Words matter. These are the best College Degree Quotes from famous people such as Said Sayrafiezadeh, Twyla Tharp, Phyllis Schlafly, Laurene Powell Jobs, Ellen Swallow Richards, and they’re great for sharing with your friends.
The difference between our family and other poor families was that my mother actively chose to be poor. She was highly literate, and she had a college degree, but after my father left, she took the first secretarial job she could find and never looked for other employment again.
My mother was the first woman in the county in Indiana where we were born, in Jay County, to have a college degree. She was educated as a pianist and she wanted to concertize, but when the war came she was married, had a family, so she started teaching.
My college degree is from a great university in 1944. I got my master’s at Harvard graduate school, completely co-ed, in 1945. My mother got her college degree in 1920. What’s the problem? Those opportunities were always there for women.
It’s our privilege to work with College Track students as they chart their course toward a college degree – they bring persistence, creativity, and extraordinary discipline throughout their academic journey.
The only trouble here is they won’t let us study enough. They are so afraid we shall break down and you know the reputation of the College is at stake, for the question is, can girls get a college degree without ruining their health?
I’m not going to lie – it’s insulting to be praised for being a ‘woman’ with ‘no college degree.’
Our great history has been that people came to Michigan because you didn’t have to have a college degree to get a good-paying job. Consequently, we have got a larger number of our population that right now are facing outsourcing, et cetera, without higher or advanced degrees.
Getting a college degree used to be free or low cost because, as a society, we saw providing higher education to young people as an investment – in them and in the future of our own country.
I do intend to achieve my education goals and obtain my college degree through distance programs.
Coming from losing my dream of playing professional football, not having a college degree at the time and looking to jump into the business world at a young age was pretty daunting for me.
Up until I was a junior at Georgia, I felt that when all was said and done, I’d at least have a college degree to fall back on when tennis was finished.
As tough as it is for many college graduates to get their planned careers on track, it could be worse: They could be trying to find a job without a college degree.

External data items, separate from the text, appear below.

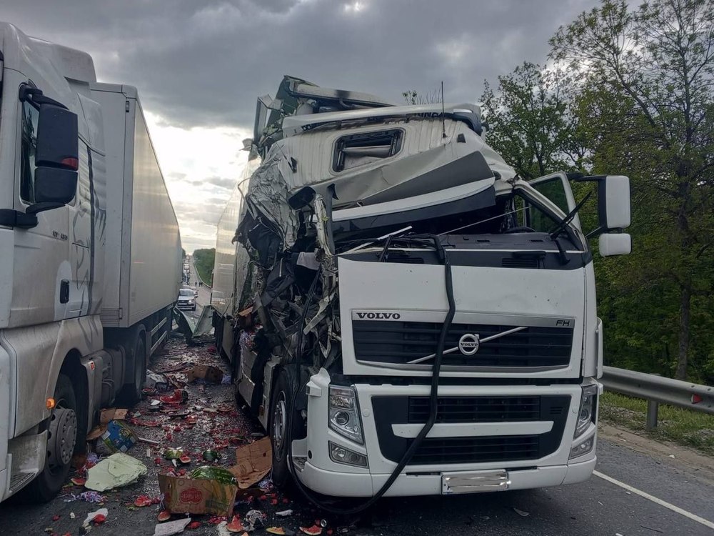 Вечером 4 мая в Вольском районе Саратовской области произошла серьезная дорожная авария с участием двух большегрузов
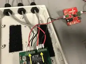 55. Подключите толстые красный и чёрный провода от 6-контактного амфенолового кабеля автоматического пробоотборника к релейной плате.
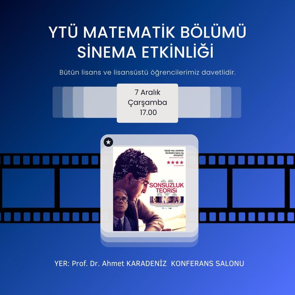 Sevgili Öğrenciler Prof. Dr. Ahmet KARADENİZ konferans salonunda 07 Aralık Çarşamba Saat: 17.00 da Sinema Etkinliği düzenlenecektir. Tüm öğrencilerimiz davetlidir.
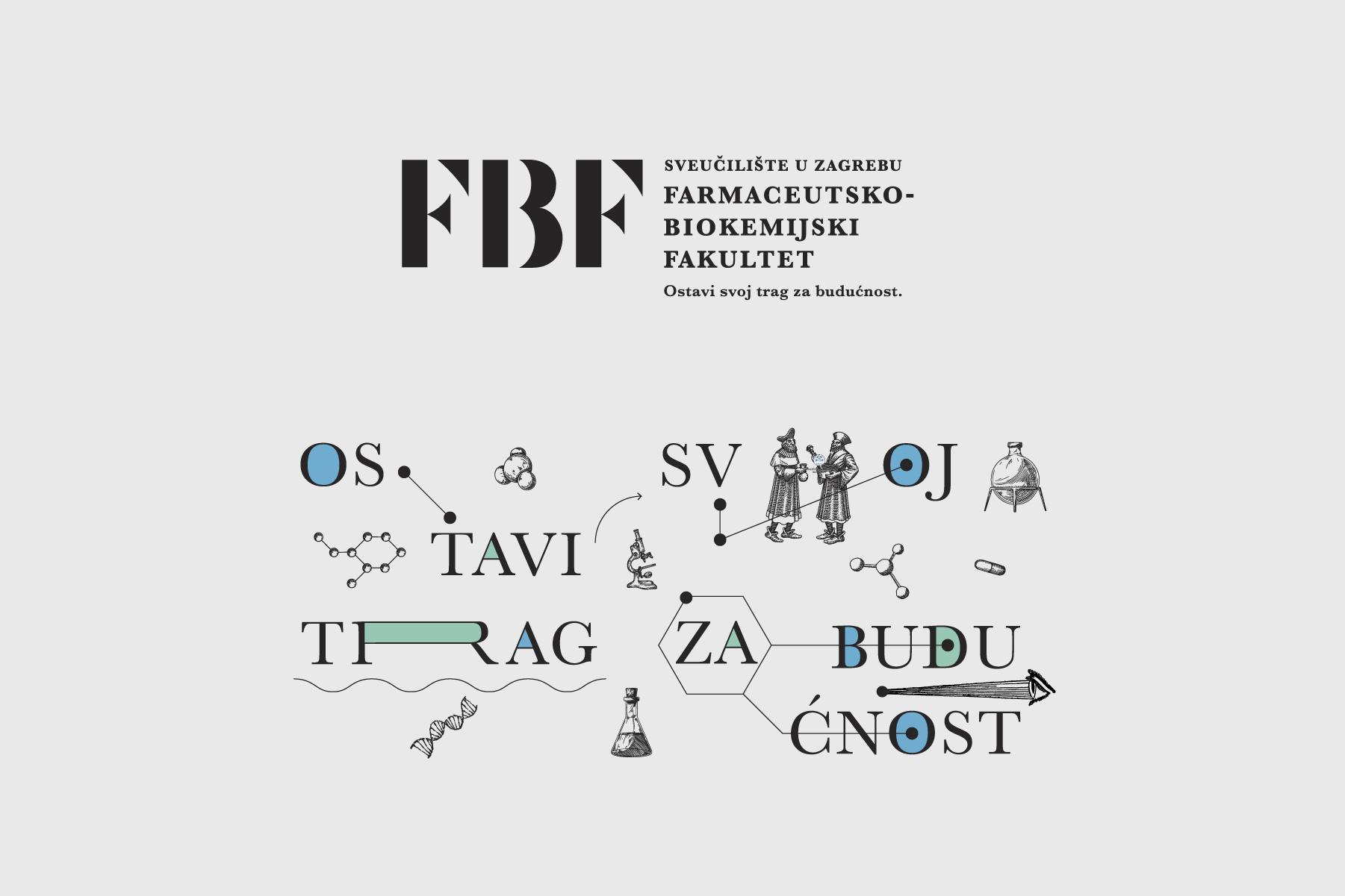 We created the brand strategy, slogan and visual identity for the Faculty of Pharmacy and Biochemistry of the University of Zagreb. For more than 140 years, this unique higher education institution has been granting masters’ degrees in pharmacy, medical biochemistry and laboratory medicine, producing skilled health experts and researchers. Thanks to the high standard of education, the continuous opening of new opportunities for research, development and innovation, new generations of scientists and teachers are being educated at the Faculty of Pharmacy and Biochemistry, ushering it into a new era.
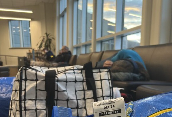 And we were not alone. Apparently planes arrive and leave Juneau at just about any hour. And tens of people were sleeping on the couches in a “lounge” area. Well ordered and quiet.
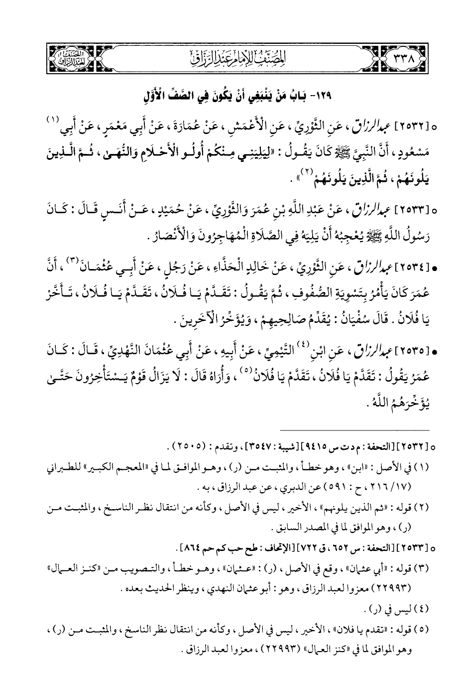 ° [٢٥٣٣] عبد الرزاق، عَنْ عَبْدِ اللَّهِ بْنِ عُمَرَ وَالثَّوْرِيِّ، عَنْ حُمَيْدٍ، عَنْ أَنَسِ قَالَ: كَانَ رَسُولُ اللَّهِ - صلى الله عليه وسلم - يُعْجِبُهُ أَنْ يَلِيَهُ فِي الصَّلَاةِ الْمُهَاجِرُونَ وَالْأَنْصَارُ.
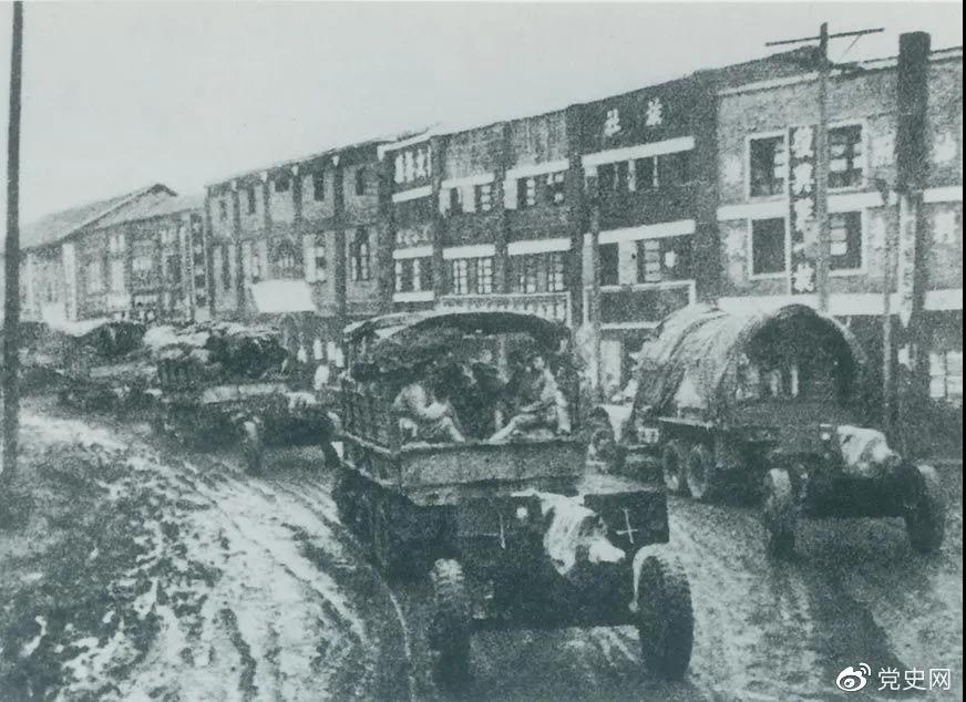 1949年11月21日,人民解放军占领黔北重镇遵义。图为解放军部队通过遵义市区。
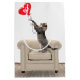 Tabby cat standing on a beige leather chair playing with a red heart balloon for 80th birthday.
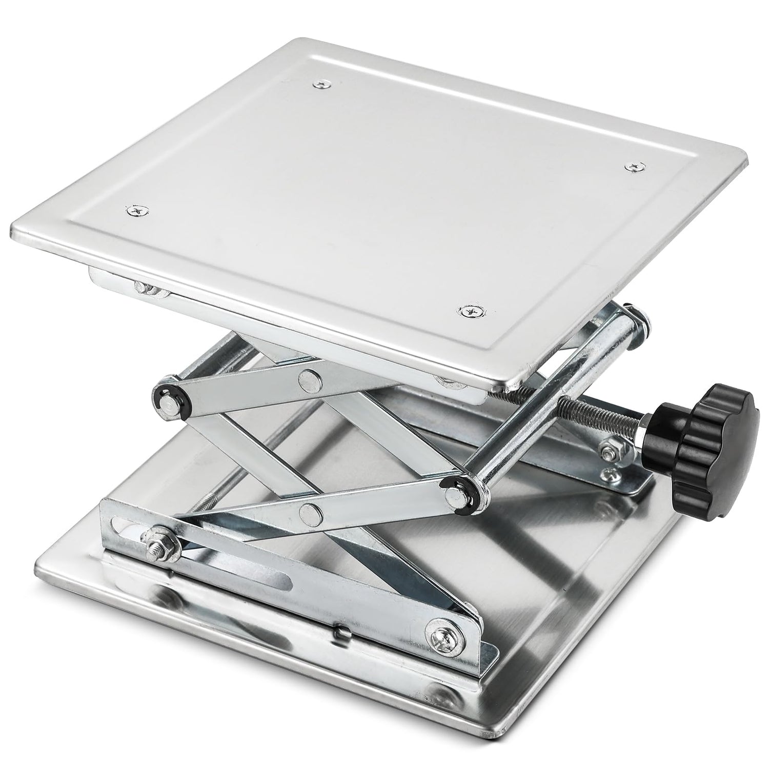 FLKQC Lift Table Lab Stand Lifter, Scissor Lifting Jack Platform 8"X 8", Stainless Steel Laboratory Support Jack Platform with Black Hand Wheel, Expandable 85mm to 280mm
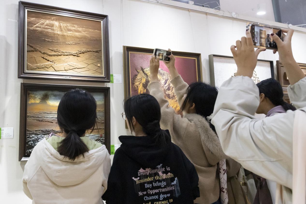 展览现场,一幅幅以传统皮艺再现的草原风光、一件件色彩绚丽的毡绣织品、一系列精雕细琢的金银器与桦树皮工艺品,无不展现内蒙古地区手工艺的独特韵味。这些作品既延续了民族技艺的血脉,也融入了现代设计的灵感,让观众在细腻的工艺与创新的形式中,领略草原文化的深邃与广袤。展览为两地文化交流搭建了重要平台,有力增进了民族之间的理解与认同。

A college degree is not essential, but if you’re already in college, and if it’s at all possible, you should definitely try to finish. In college, you have a very supportive community right there, and it can give you opportunities to try out new things.
This idea of ‘New Collar’ says for the jobs of the future here, there are many in technology that can be done without a four-year college degree and, therefore, ‘New Collar’ not ‘Blue Collar,’ ‘White Collar.’ It’s ‘New Collar.’

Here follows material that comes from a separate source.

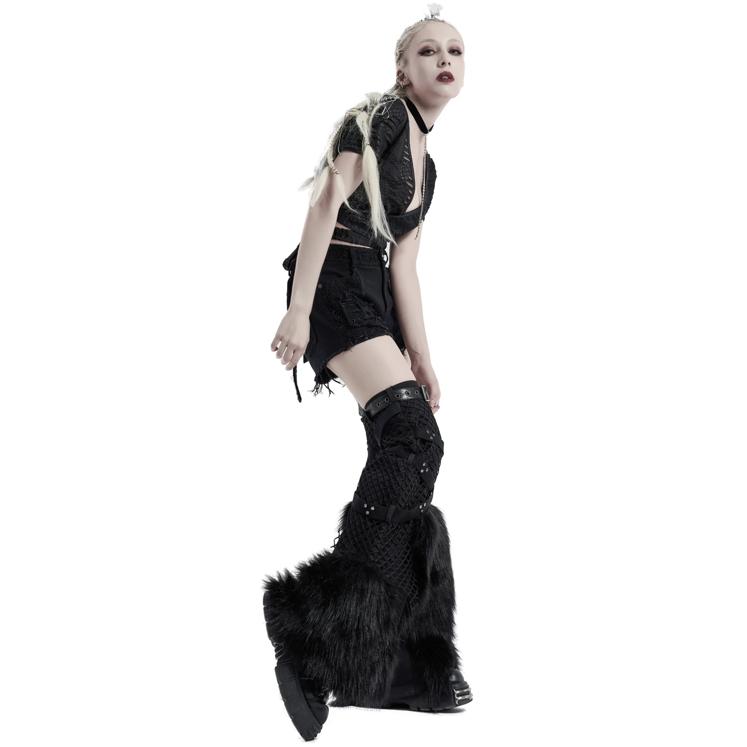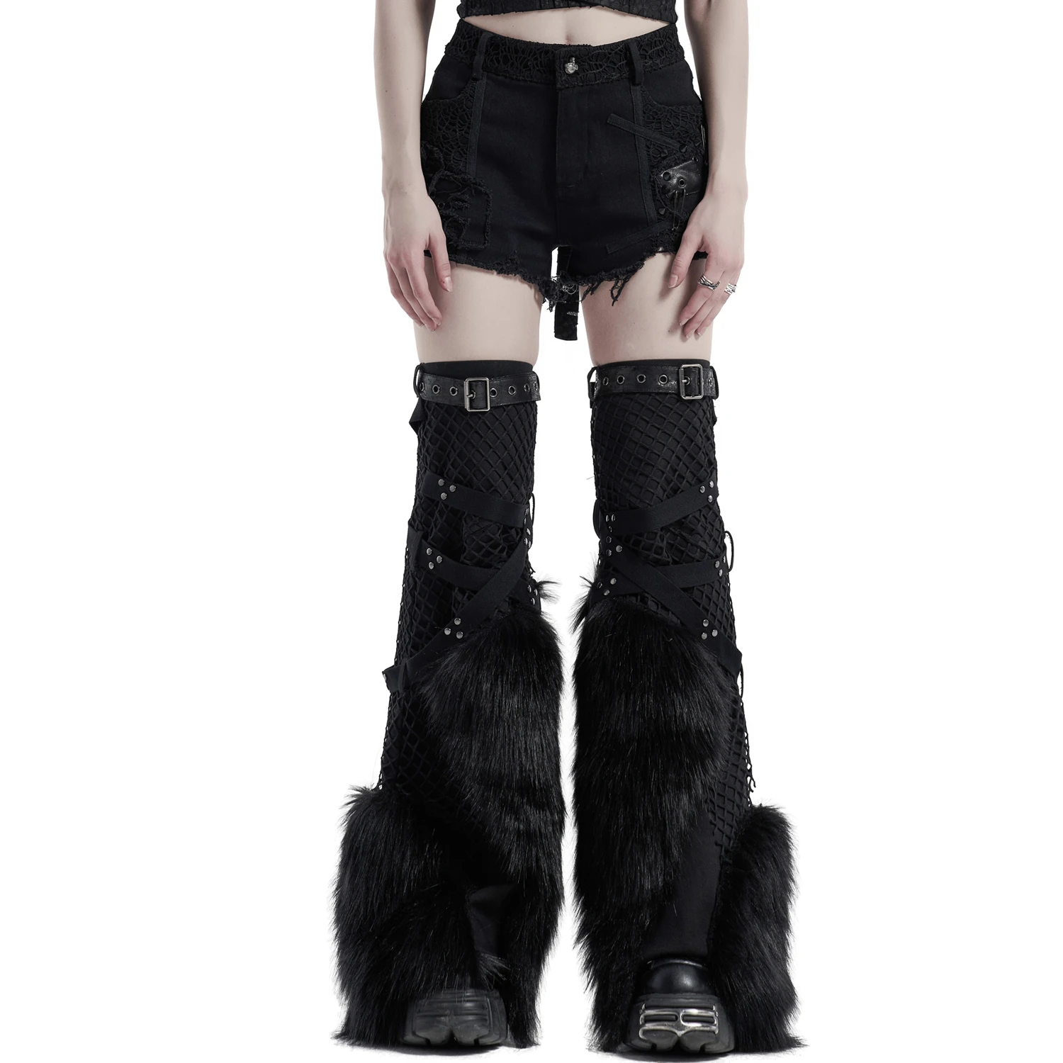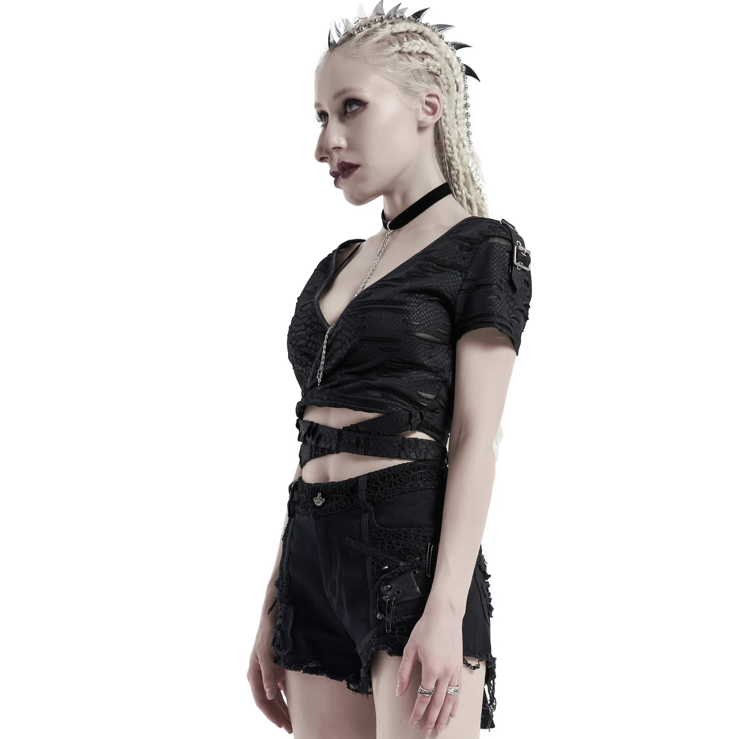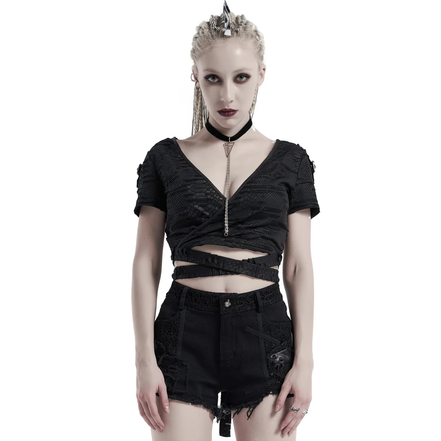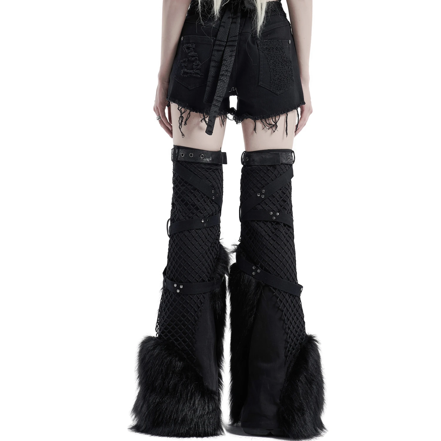 • Dentelle noire de chaque côté, sur la ceinture et sur une poche arrière

One of the big concerns I have is that most of the HR departments in a lot of companies are hiring away from creativity and they don’t know it. For instance, they are requiring everybody to have a college degree. The most creative people I know couldn’t deal with college.
Students can spend their money better than government can. It should not require a federal loan and decades of debt for students to get a college degree. Price limits access – plain and simple.
I’m definitely somebody who wants a college degree. My attitude is, if I’m going to do it I’m going to go full in.
Access to a college degree is critical.
I’m not even an engineer. I don’t have a college degree; I hire guys with college degrees.
To people I know in the bottom income brackets, living paycheck to paycheck, the Gig Economy has been old news for years. What’s new is the way it’s hit the demographic that used to assume that a college degree from an elite school was the passport to job security.
For me specifically, it was important to graduate. In my family, I was one of the first graduates. My mom did not have a college degree. My dad did not have a college degree.
When I started out in the duck-call business, my college buddies would come in and say, ‘Robertson, you have a college degree. What are you doing?’ Then they drove away saying, ‘What an idiot!’ Thirty-five years later, they’re saying, ‘The sucker’s a genius!’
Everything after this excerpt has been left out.